Relativierung von Piagets Theorie: Die heutige Forschung zeigt, dass die formale Logik bei der kognitiven Entwicklung eine geringere Rolle spielt, als Piaget annahm, und dass die Entwicklung der kognitiven Fähigkeiten kontinuierlicher ist, wobei die Stadien früher beginnen und weniger abrupt einsetzen. Trotzdem sind Piagets Auffassungen darüber, in welcher Folge die Entwicklung der kognitiven Fähigkeiten von Kindern abläuft, wiederholt bestätigt worden.

Fremdeln ist die Angst vor Fremden, die Kleinkinder mit etwa 8 Monaten zu zeigen beginnen. Kinder dieses Alters haben Schemata für vertraute Gesichter gebildet, und sie geraten durcheinander, wenn die Gesichter nicht zu ihren Schemata passen.

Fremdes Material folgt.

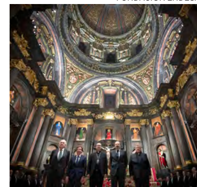
↑ Nueva iluminación de San Andrés.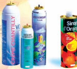
les aérosols et les bidons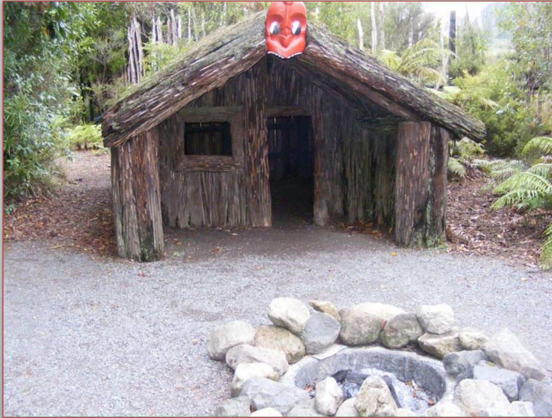
традиционное жилище маори в Новой Зеландии

Деревня (па) – традиционное поселение маори – раньше представляла собой компактное пространство, окруженное рвом или деревянной оградой, внутри которого находились жилые дома (фаре). Дома строили из досок и бревен, крышу делали из соломы, а пол был углубленным в землю, поскольку из-за более прохладного климата дома нуждались в утеплении.

Auswirkungen von Nahrungsaufnahme, Körperkontakt und Vertrautheit auf die soziale Bindung eines Säuglings: Bis zu den Forschungsarbeiten der Harlows Mitte der 1950-er Jahre glaubten viele Psychologen, dass Kinder über einen Konditionierungsprozess Bindungen (Ausbildung einer emotionalen Verbundenheit) an Personen entwickeln, die sie ernähren. Die Experimente der Harlows zeigten, dass sich kleine Affen lieber eine Mutter suchen würden, die sie nicht ernährt, wenn sie denn Trost bot, als eine Mutter, die Nahrung bereitstellte, aber ihnen keinen Trost bot. Enten und andere Tiere zeigen das Phänomen der Prägung: Sie bilden eine Bindung gegenüber einem bedeutsamen Lebewesen oder Objekt aus, wenn dies ihnen in einem kritischen Zeitraum begegnet (einer Zeit kurz nach der Geburt, in der die richtige Entwicklung von der Konfrontation mit bestimmten Reizen und Erfahrungen abhängt). Menschen zeigen keine Prägung, aber sie entwickeln Bindungen an vertraute Menschen und Dinge, die ihnen ein Gefühl der Sicherheit geben.

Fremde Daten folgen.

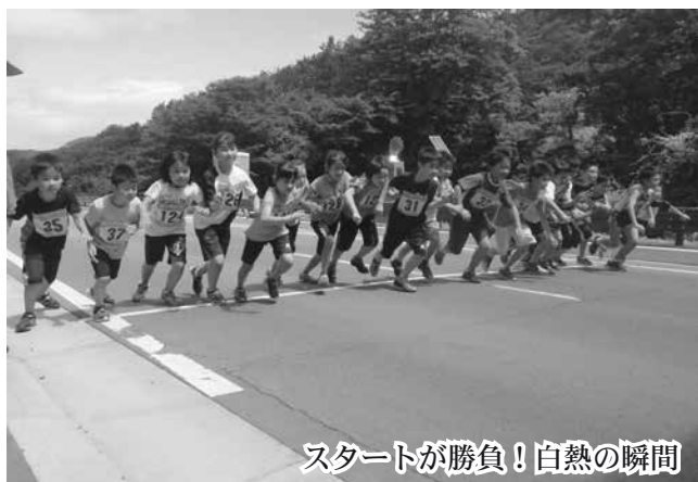
スタートが勝負！白熱の瞬間

Unterschied zwischen sicherer und unsicherer Bindung: In der Versuchsbedingung, die man als »fremde Situation« bezeichnet, beobachten Forscher eine Mutter und ihr Kind in einem Laborspielzimmer; sie notieren, wie das Kind reagiert, wenn die Mutter das Zimmer verlässt und wiederkommt. In Anwesenheit der Mutter spielen und erkunden sicher gebundene Kinder sorglos, sind beunruhigt, wenn sie herausgeht, und suchen den Kontakt, wenn sie zurückkehrt. In Anwesenheit der Mutter erkunden unsicher gebundene Kinder weniger und klammern sich möglicherweise an sie, schreien laut, wenn sie das Zimmer verlässt, und sind weiterhin verstimmt oder reagieren gleichgültig, wenn sie zurückkommt. Andere Studien zeigen, dass sensible, einfühlsame Eltern gewöhnlich sicher gebundene Kinder haben. Das genetisch beeinflusste Temperament kann eine Einfühlsamkeit bei den Eltern auslösen, aber die Sensibilität der Eltern lässt sich lernen und erhöht durchaus in gewissem Maße die Bindungssicherheit des Kleinkinds. Sowohl aus der Liebe des Vaters als auch aus der der Mutter lässt sich die Gesundheit und das Wohlbefinden des Kindes vorhersagen. Die Beziehungen zwischen Erwachsenen sind gewöhnlich Ausdruck des sicheren oder unsicheren Bindungsstils in der frühen Kindheit; dies stützt Erik Eriksons Vorstellung, dass das Urvertrauen durch unsere Erfahrungen mit einfühlsamen Betreuungspersonen gebildet wird.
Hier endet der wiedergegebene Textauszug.